Would you return exactly the lines from the top of the data below through the one containing "Медики объясняют такую", leaving out the pictures?

Start of Supplied data

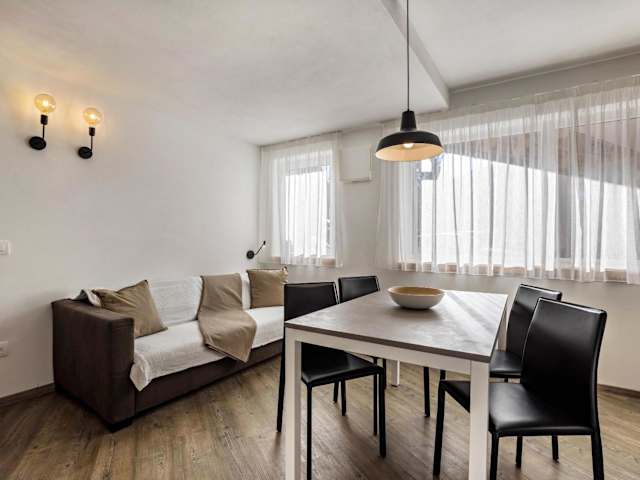 Die Ferienwohnung besteht aus einem Schlafzimmer, einem Wohnzimmer, einer voll ausgestatteten Küche mit Kühlschrank und Kaffeemaschine sowie einem Badezimmer mit Dusche und kostenlosen Pflegeprodukten. Handtücher und Bettwäsche werden zur Verfügung gestellt.
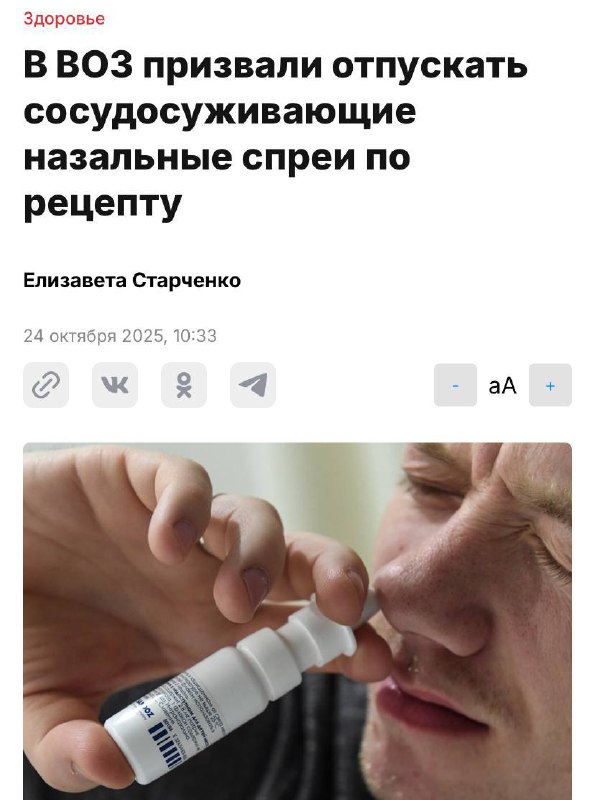 Медики объясняют такую позицию серьезными рисками для здоровья. Длительное использование подобных спреев приводит к развитию медикаментозного ринита — сильной зависимости от препарата.
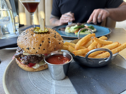 Read moreMy husband and I went to this restaurant for an impromptu dinner date on April 26. The atmosphere was perfect - very professional and modern/sleek, yet also inviting. The floor to ceiling windows really opened up the space with the natural light. Not to mention the view of the water was wonderful. I cannot wait to go back when the patio is open! Our server was wonderful, also very professional and elegant yet friendly! I forgot to write down her name (whoops!), but she was a stunning woman from Bulgaria! My husband ordered the Espresso martini drink and it was very well done, robust with flavour. I ordered the Caesar with light ice. When I got the Caesar it had too much ice for my liking and tasted a bit watered down. I don’t usually complain, but I let her know and she got me another one right away with much less ice and full of flavour, which I really appreciated, as I was nervous to even say anything. We got the sunset sushi roll to share and neither my husband or I could rave anymore about this roll!!! I have never had sushi with the caramelized walnut topping on it before, and it pulled the flavours together so well that every bite was tantalizing. We are sushi lovers and we love flavour, and this roll was 10/10! Would absolutely order again. I had the 1905 burger with fries for my main. Also full of flavour and did not disappoint! The Brie cheese incorporated was perfectly oozing with flavour and pulled everything together for me. My husband had the 8oz sirloin steak with gnocchi. It was all wonderfully cooked, and I have to note that I really enjoyed the flavour and cook of the veggies that came on the side with that dish. There was a large party booked in the main area that began to arrive as we were leaving, and I have to say again that the atmosphere is great and I would definitely book an event or large dinner in this space. Lastly, the location was perfect, as we were able to drive not 2 minutes away to the park on the lake that we could see from the window, and stroll down the pier while we digested our wonderful dinner. We are new to this area and are excited to have found this place. We will definitely be back for...
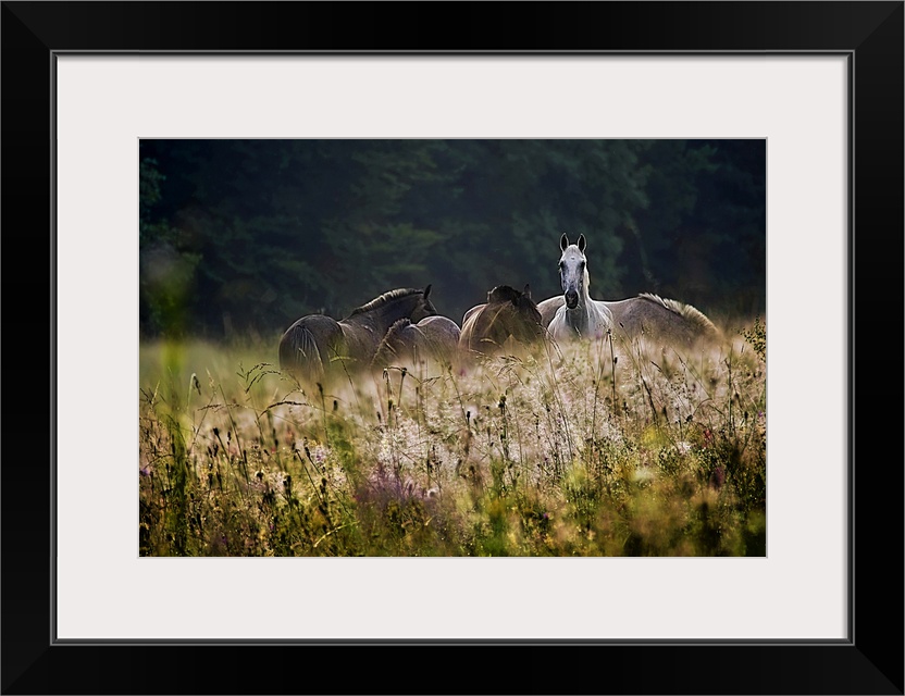 <p>A herd of horses with one alert white horse grazing in a field of wildflowers.</p>

End of Supplied data

■ **Exercise result**:
 Die Ferienwohnung besteht aus einem Schlafzimmer, einem Wohnzimmer, einer voll ausgestatteten Küche mit Kühlschrank und Kaffeemaschine sowie einem Badezimmer mit Dusche und kostenlosen Pflegeprodukten. Handtücher und Bettwäsche werden zur Verfügung gestellt.
 Медики объясняют такую позицию серьезными рисками для здоровья. Длительное использование подобных спреев приводит к развитию медикаментозного ринита — сильной зависимости от препарата.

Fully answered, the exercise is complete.